Os dados aqui utilizados constituem parte de uma pesquisa mais ampla sobre Organização e Economia do
Poder, coordenada pelo autor.
3
Neste aspecto da pesquisa, referente à ética e à moral, objeto da presente análise, foram utilizados, como
instrumento de coleta de dados, entrevistas semi-estruturada e estruturada. No último caso, foram aplicados
cerca de 200 questionários, contendo 56 questões, em uma escala de concordância/discordância, divididas em
duas partes, uma relativa a um diagnóstico situacional e outra relativa a posturas indicadas. Isto permitiu
estabelecer uma confrontação entre o que se avalia que é feito (a prática) e o que se avalia que deve ser feito (a
teoria). As respostas obtidas permitem cruzamentos muito interessantes que, dada a amplitude das relações
estabelecidas e os detalhes sugestivos que estas revelam, constituem objeto de outro estudo, já em
desenvolvimento.
4
Estas concepções invadiram a literatura organizacional sob a forma de defesa de modelos de “Gestão
Participativa”, em que a participação assume o mesmo significado que democracia. Para uma crítica e estes
“modelos”, ver Faria (1987; 1992).
5
É interessante notar como, em presença de uma platéia, especialmente organizada para saudar o discurso
oficial, aquele que preparou o terreno para se mostrar aos outros como seu grande intérprete toma ares de uma
retórica que, se desnudada, revela que o dono da palavra nada mais tem que a sua palavra, que o que
veementemente condena é o que faz, que o que desqualifica é o que inveja e pretende, que o que critica é o que
gostaria de ter tido a iniciativa de fazer e que o que rejeita e nega é o que é.
6
Entendo que existem pelo menos dois tipos de competitividade: a. a absoluta, referente aos enfrentamentos
diretos entre organizações ou pessoas cujo objetivo é o de eliminar os concorrentes; b. a relativa, referente aos
enfrentamentos indiretos entre organizações ou pessoas, cujo objetivo é o de conquistar, ampliar ou manter
espaços entre concorrentes. No primeiro caso, o que está em jogo é o monopólio econômico ou político. No
segundo caso, o que se valoriza são os benefícios decorrentes da ocupação de espaços econômicos ou políticos
estratégicos ou, dito de outro modo, o que se valoriza são as vantagens competitivas.
7
Um exemplo é a crítica que certos círculos progressistas fazem à adoção critérios em processos de avaliação
institucional em instituições públicas, os quais revelam fragilidades que, para eles, seria melhor que
permanecessem escondidas.
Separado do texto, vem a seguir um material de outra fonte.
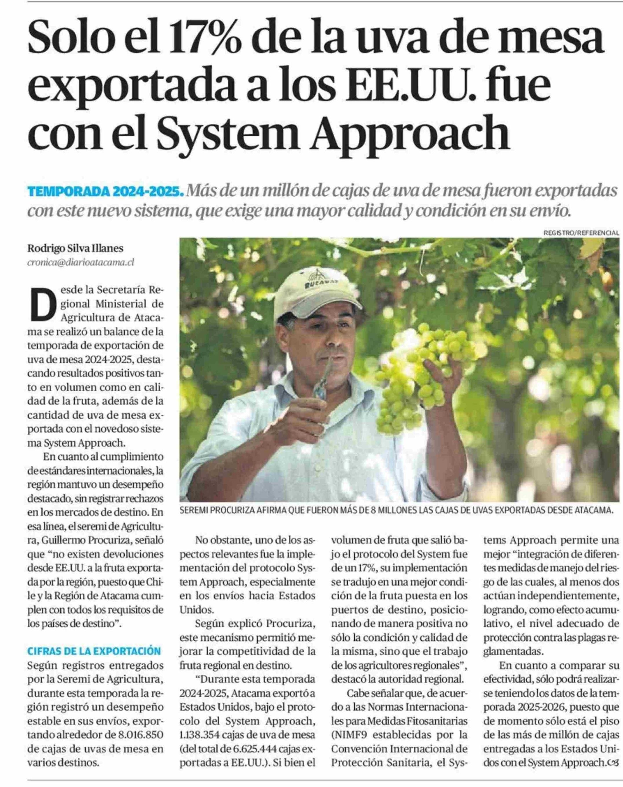 Solo el 17% de la uva de mesa exportada a los EE.UU. fue con el System Approach 24-04-2026 El Diario de Atacama |

Esses círculos interpretam o movimento dialético da vida coletiva como um simples
avanço da competitividade capitalista no espaço público, tomando este como se fosse o altar da justiça social e
não a sua coxia. Assim, defendem a ausência de critérios e de atitudes não porque estes sejam impróprios, mas
para esconder suas segundas intenções, para abrir espaço de manobra política às suas velhas e surradas práticas
de distribuição de favores. Os discursos coberturas que sustentam esta tese, contudo, parecem, ao público, ter
saído dos mais puros manuais democráticos.
8
O perfil dos gestores entrevistados revela que 66% são homens, 66% possuem entre 30 e 50 anos, 73% atuam
na área de administração geral, 59% são proprietários, diretores ou ocupam funções de alta gerência, 70%
possuem mais de 10 anos de experiência profissional e 70% tiveram maior tempo de trabalho em organizações
privadas.
9
O entendimento analítico é uma leitura interpretativa ou, no dizer de Freud, uma auto-análise e, portanto, não
se confunde, conceitualmente, com os esquemas interpretativos, baseados em crenças e valores.